Он никак не мог забыть Катю, чтобы умереть, ни о чем не жалея. Он помнил, что она говорила ему, что он ей муж и должен всегда об этом помнить. Он не мог ее забыть, хотя ее не было нигде, даже в памяти осязания, в памяти слуха и зрения. Она теперь стала святым свечением в голубом небе, во всем, на что он направлял зрение или память. Это святое свечение, это живое облачко стало частью его тела, его серединкой. Ему всегда теперь было плохо, было не по себе, он не мог с удовольствием или просто без неприятных ощущений есть, спать, пить пиво или виски. Он был совершенно одинок. Он чувствовал, что напиши он в Интернете, что откопал в пустыне на миллион золота или хотя бы жменю, ему ответят десятки людей. А если напишет, что ему плохо, очень плохо и не хочется жить, не хочется даже выздоравливать, никто не откликнется. Не откликнется, потому что все люди занимаются лишь одним делом – они медленно-медленно умирают, теряя сочувствие и человечность, тайно, подспудно, открыто желая, чтобы в телевизорах умирало больше людей, желая, чтобы больше автобусов срывалось в пропасти, чтобы кровопролитнее были террористические акты.
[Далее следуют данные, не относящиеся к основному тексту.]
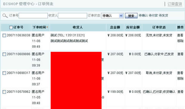 对于一个访问量很大的系统,每天进出的订单很多,所以订单查询并不可少,如图 3 所示的 ECShop 商城的订单查询系统。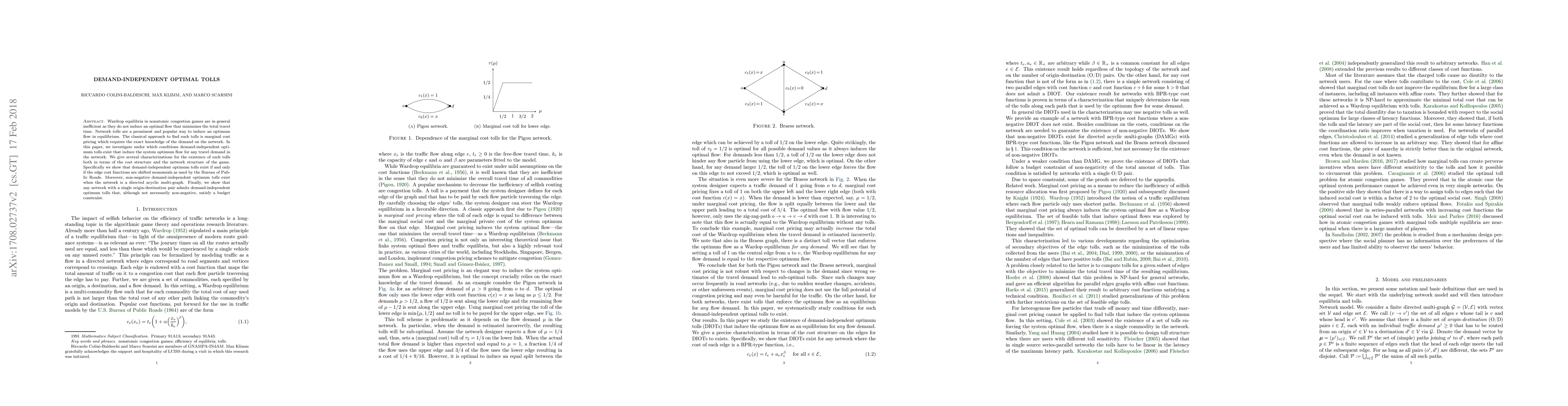 Wardrop equilibria in nonatomic congestion games are in general inefficient as they do not induce an optimal flow that minimizes the total travel time. Network tolls are a prominent and popular way to induce an optimum flow in equilibrium. The classical approach to find such tolls is marginal cost pricing which requires the exact knowledge of the demand on the network. In this paper, we investigate under which conditions demand-independent optimum tolls exist that induce the system optimum flow for any travel demand in the network. We give several characterizations for the existence of such tolls both in terms of the cost structure and the network structure of the game. Specifically we show that demand-independent optimum tolls exist if and only if the edge cost functions are shifted monomials as used by the Bureau of Public Roads. Moreover, non-negative demand-independent optimum tolls exist when the network is a directed acyclic multi-graph. Finally, we show that any network with a single origin-destination pair admits demand-independent optimum tolls that, although not necessarily non-negative, satisfy a budget constraint.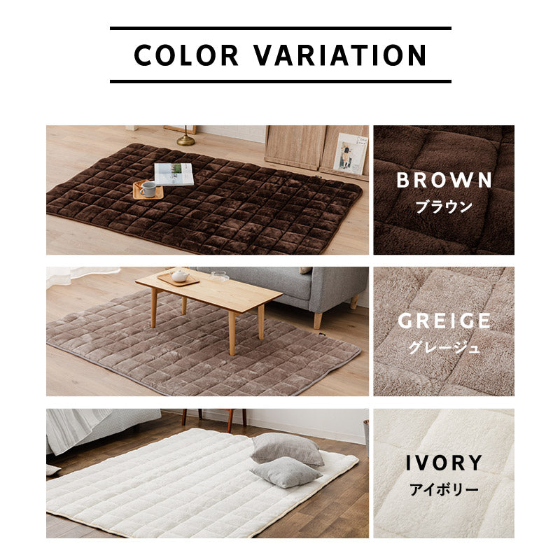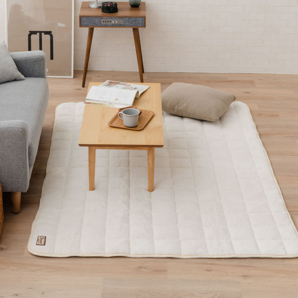 組成 | ■表地 ポリエステル100%(280g/m² ロングパイルフランネル8mm) ■グランド部分 ポリエステル50%、レーヨン50%(エムールヒートプラス使用) ■中材 ポリエステル100%、アルミシート ■裏面 不織布(スリッド加工) |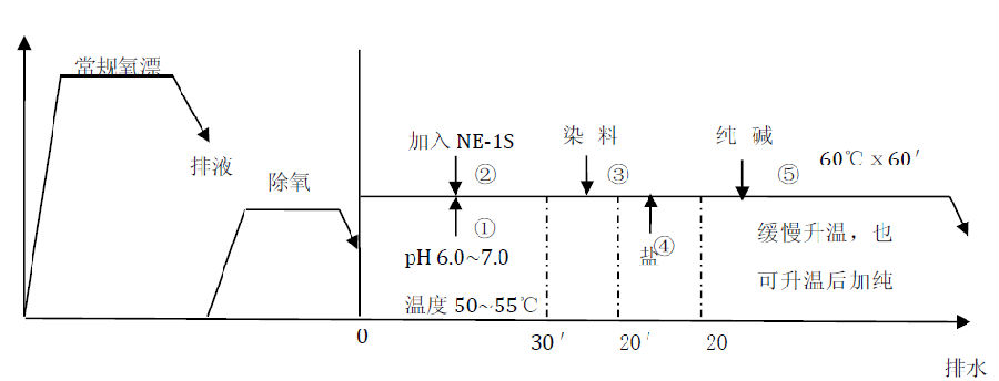 可与染料同浴使用,节能减排工艺曲线:

Петров не знал, где в его темной комнате, освещенной голубым телевизионным огнем, или еще где-то, прячется этот выключатель, нажав который, можно уйти из жизни в отсутствие, в густую пустоту, которую называют смертью. Он не хотел больше жить, но смерть, и выключатель жизни, как и пуля в рот, казались ему чужеродными, не тем, ради чего он родился. Потом он вдруг понял, что выключатель жизней – это он сам. Просто выключатель, и больше никто. Те, которых он убивал, хотели одного – чтобы все жизни были одинаковы, и чтобы на всех Аллах отпускал одинаковое количество женщин, денег и хлеба. Иншалла! Если Аллах хотел бы, чтобы у всех было одинаковое количество женщин, денег, лепешек, комнат и баранов, то у всех было бы одинаковое количество лепешек, комнат и баранов. Но Аллах этого не хочет, он хочет, чтобы люди сталкивались между собой, сталкивались, чтобы появлялась искра, и зажигался жизненный огонь. Ему не жаль простых людей, разве можно жалеть людей, наносящих на себя отличающие татуировки, обливающих других людей бензином, чтобы сжечь их в муках? Разве можно жалеть женщин, стреляющих в людей, разве можно бить жену, как собаку, при всем притом, что всё, чем может она ответить, так это облить себя бензином и чиркнуть потом зажигалкой.

В свободные часы Петров теперь либо ходил по углам, либо плакал, – ни кванта счастья не осталось в его организме, и потому слезы лились потоком. Лились, как только он вспоминал, что остался совсем один. Ему было стыдно, ведь могли услышать соседи, услышать и позвать врача или даже полицейского, но ничего с собой поделать не мог, потому что слезы накатывали неожиданно, и ничем их было не сдержать. Петров знал тысячи людей, которые прекрасно жили, потеряв близких родственников, но быстро привыкали быть единственными на свете, привыкали никого не обнимать и ласкать, кроме собак и кошек. А он, как только вспоминал, как они жили с Катей, как он ночами целовал ее плечи, руки, ноги, как прижимался к ней, как потом сплетались они в одно целое, не мог никак сдержаться от слез и рыданий.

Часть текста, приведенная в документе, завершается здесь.